William Faulkner famously wrote, “The past is never dead. It’s not even past.”
In West Texas, such a thing is no more obvious than around the oilfields and sometimes individual wells now receiving second or third looks as motivated by the upticking price per barrel.
Though left to the bear the steady beat of sun, wind and weather, much related to the old-and-new-again drilling areas surrounding us still lays where it was left from times passed, a natural museum of drilling history.
The amazing thing is how much human work remains hidden in the “nothing,” above the dirt and dead grass but below a shallow ocean of mesquite scrub branches. You can look out and to the horizon see nothing but endless nothing, yet go walk through it, stand where the thorns catch your pantleg and look down, and you see the land teeming with the ghosts of hundreds of lives that passed through and likely now have passed on.
The other day a photographer and I went out to go look at what still sat on an otherwise indistinguishable stretch of wilderness west of FM866 and north of Penwell.
Our guide was Brandon Duane Young, a leaseholder for the place we were to travel and a general walking encyclopedia of local history, anthropology, botany and geology.
We followed his Jeep off the nicely graded main road to ones that made it obvious why oilfield workers don’t drive sedans. Parking near some structures and remnants of structures, we found ourselves encircled by the cast-offs of numerous decades and several waves of development.
“It becomes a place where people just dump stuff,” Young says. “It’s just a graveyard.”
The remnants of what Young thought were carbide lamps, which give off light by chemical reaction from water drops, sat in pieces near an abandoned electrical transformer of an old model, maybe the ’70s. Beside it, modern transformers, examples of what helps keep the oilfield powered and pumping.
We go to a well site, now with a pumpjack sitting over it, and of course it’s clear for 30 yards all around, where a bulldozer pushed aside and demolished countless items still slowly transitioning from litter and junk to artifact and relic.
Around it, the fences of forgotten divisions that separated one part of a camp from another. A clothesline, wood still with nails in it, gas lines still stubbornly attached to the ground but with flowing nothing in them. Timbers from an old cable-tool rig dragged from one spot to another to be the basis of something new (still not rotted), a fallen down chicken coop, a collapsed-in hut once occupied by a least one fellow who collected Trans-Pecos rocks. For some reason he left them behind. As many trinkets have been left behind.

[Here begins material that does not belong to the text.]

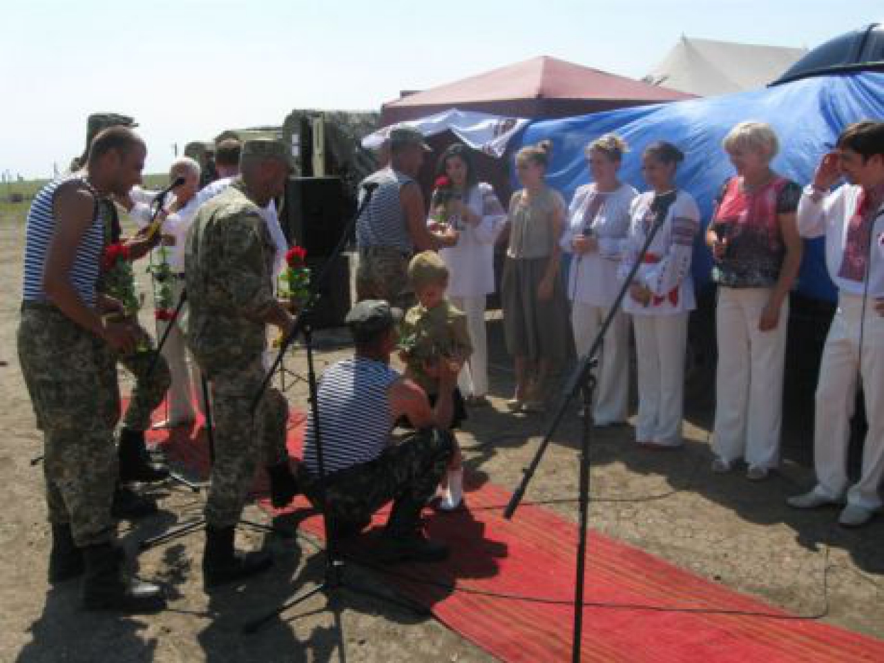 С особой искренностью присутствующие реагировали на каждую песню и тепло восприняли «Катюшу» в исполнении маленькой талантливой Марьи Слободниченко. Но особой для военнослужащих стала авторская песня Анатолия Федорова «Защищай Украину». Даже в полевых условиях бойцы нашли возможность отблагодарить артистов благоухающими розами и сладостями.

There’s broken pieces of ceramic that look like they could have fallen off someone’s table yesterday. They lie out on the ground near old soda pop glass, bottled in places like Carlsbad, N.M., next to a lot of rusty metal that you can’t discern what it was. Occasionally enough of an old license plate is in one piece that you can, and know from the design it can’t be less than 60 years old. Old tires and other vehicle pieces fallen off of disappeared cars are concentrated in a place Young wonders may have been a garage.
We go elsewhere and the air stinks and groans with the presence of a natural gas compressor, and within a stone’s throw you go back half a century, except all that’s left is the concrete sidewalks, a septic tank that’s fallen in on itself and a pile of a dozen or more dead but thick Siberian elm trunks, emaciated rings show how they survived 40 or more years, some of those years very dry, eventually too dry.
Young takes us to a set of currently unused but still impressively giant tank batteries. There’s three, two of steel and one of wood, apparently Redwood. It’s partially fallen in on itself, and your first thought is it hasn’t been used in decades, but then you see the white PVC pipe creeping over the lip at the far side. Maybe it was abandoned as recently as the 2008 bust. Maybe it was abandoned many times before that.
But the polyvinyl chloride product servicing it so anachronistically has some subtle beauty in scene: the petroleum-based product used to keep useful a facility that made the product possible to exist.
In some ways that’s a happy ending.
Except that as we walked through the mesquite, looking for this and that, our group of three stumbled onto a little pond of black gold, the result of a recent pipeline leak. It was about 4 inches deep, 30 yards long and 10 feet across at widest, though the stain of went wider from where it had been, strangling vegetation and soaking dirt.
Luckily there’s nothing really out here for it to ruin.